This post was first posted by Yanglbme on GitHub’s Doocs (stars over 30K). Project address: github.com/doocs/advan…

The interview questions

What is redis avalanche, penetration and breakdown? What happens when Redis crashes? How does the system deal with this? How to handle redis penetration?

Interviewer psychoanalysis

In fact, this is a very important question to ask about cache because cache avalanche and cache penetration are two of the biggest cache questions that either don’t come up or if they do come up it’s a fatal question, so the interviewer will definitely ask you.

Analysis of interview questions

Cache avalanche

For system A, assuming A daily peak of 5,000 requests per second, the cache would have been able to handle 4,000 requests per second at peak times, but the cache machine unexpectedly went down completely. The cache is down, and 5000 requests per second are sent to the database, so the database can’t handle it, so it’s going to give an alarm, and then it’s down. At this point, if no special solution is adopted to handle the failure, the DBA is anxious to restart the database, but the database is immediately killed by the new traffic.

This is cache avalanche.

About 3 years ago, a well-known Internet company in China lost tens of millions of dollars due to a cache accident, which led to an avalanche and the collapse of all the background systems.

Caching avalanche before and after solutions are as follows:

  • Ex ante: Redis high availability, master slave + Sentinel, Redis Cluster, avoid total crash.
  • Issue: Local EhCache + Hystrix stream limiting & degrade to avoid MySQL being killed.
  • After: Redis persistence, once restarted, automatically load data from disk, fast recovery of cached data.

The user sends A request. After receiving the request, system A checks the local EhCache first. If the request is not found, system A checks redis. If neither EhCache nor Redis exists, check the database and write the result in the database to EhCache and Redis.

The flow limiting component, can set the request per second, how many can pass through the component, the rest of the request did not pass, what to do? Go down! You can return some default values, either as a reminder, or blank values.

Benefits:

  • The database is never dead, and the flow limiting component ensures that only requests pass per second.
  • As long as the database doesn’t die, that means that two out of five requests can be processed by the user.
  • As long as 2/5 of the requests are processed, your system is not dead. For the user, it may be a few clicks, but a few more clicks, can be a page.

The cache to penetrate

For system A, let’s say 5,000 requests per second, and 4,000 of those requests turn out to be malicious attacks by hackers.
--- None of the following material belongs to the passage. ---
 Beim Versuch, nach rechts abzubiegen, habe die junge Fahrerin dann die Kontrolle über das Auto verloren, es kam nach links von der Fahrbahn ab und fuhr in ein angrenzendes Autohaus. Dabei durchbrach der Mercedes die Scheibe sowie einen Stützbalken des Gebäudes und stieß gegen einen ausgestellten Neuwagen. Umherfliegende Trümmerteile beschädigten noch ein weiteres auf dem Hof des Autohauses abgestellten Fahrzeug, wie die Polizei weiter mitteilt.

Those 4,000 attacks by the hacker, they’re not in the cache, and every time you go to the database, they’re not.

Here’s an example. The database ID starts at 1, and the hacker sends all request ids with negative numbers. This way, there will be no cache, and the request will be queried directly from the database every time. Cache penetration in this malicious attack scenario would kill the database.

Each time system A does not find A value in the database, it writes A null value to the cache, such as set-999 UNKNOWN. Then set an expiration time so that the next time the same key is accessed, the data can be fetched directly from the cache before the cache expires.

Cache breakdown

Cache breakdown refers to a situation where a key is very hot and accessed frequently and is in centralized and high concurrency. When the key fails, a large number of requests will break through the cache and directly request the database, just like cutting a hole in a barrier.
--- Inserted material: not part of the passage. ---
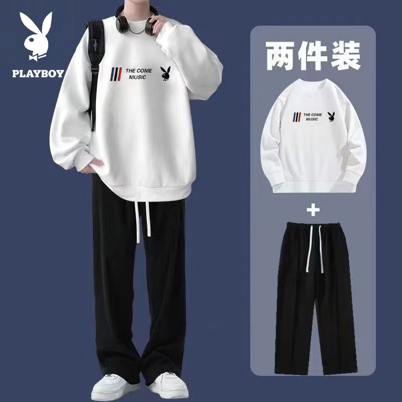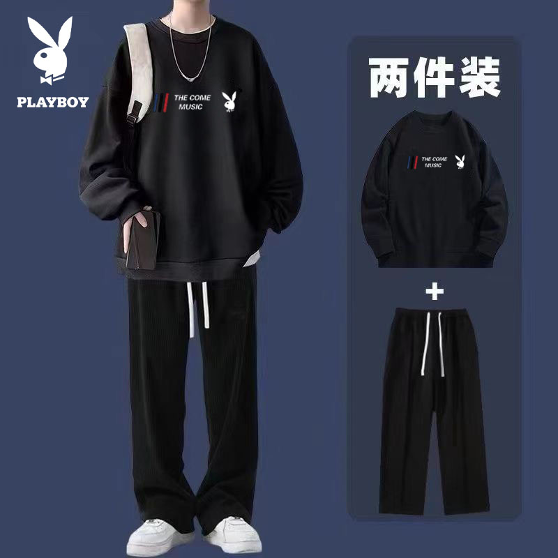 花花公子男两件套装2025秋冬新款宽松休闲圆领卫衣卫裤穿搭运动衣

The solutions in different scenarios are as follows:

  • If the cached data is almost never updated, you can set the hotspot data to never expire.
  • Unless the cached data update frequently, and the whole process of cache refresh under the circumstances of less time consuming, you can use redis, they are distributed middleware based distributed mutex, or local mutex to ensure that only a small amount of request to the database and rebuild the cache, other threads can access after the lock is released to the new cache.
  • If the cache data is frequently updated or the cache refresh process takes a long time, the timed thread can be used to proactively rebuild the cache before the cache expires or postpone the cache expiration time to ensure that all requests can access the corresponding cache.

Welcome to follow my wechat public account “Doocs Open Source Community” and push original technical articles as soon as possible.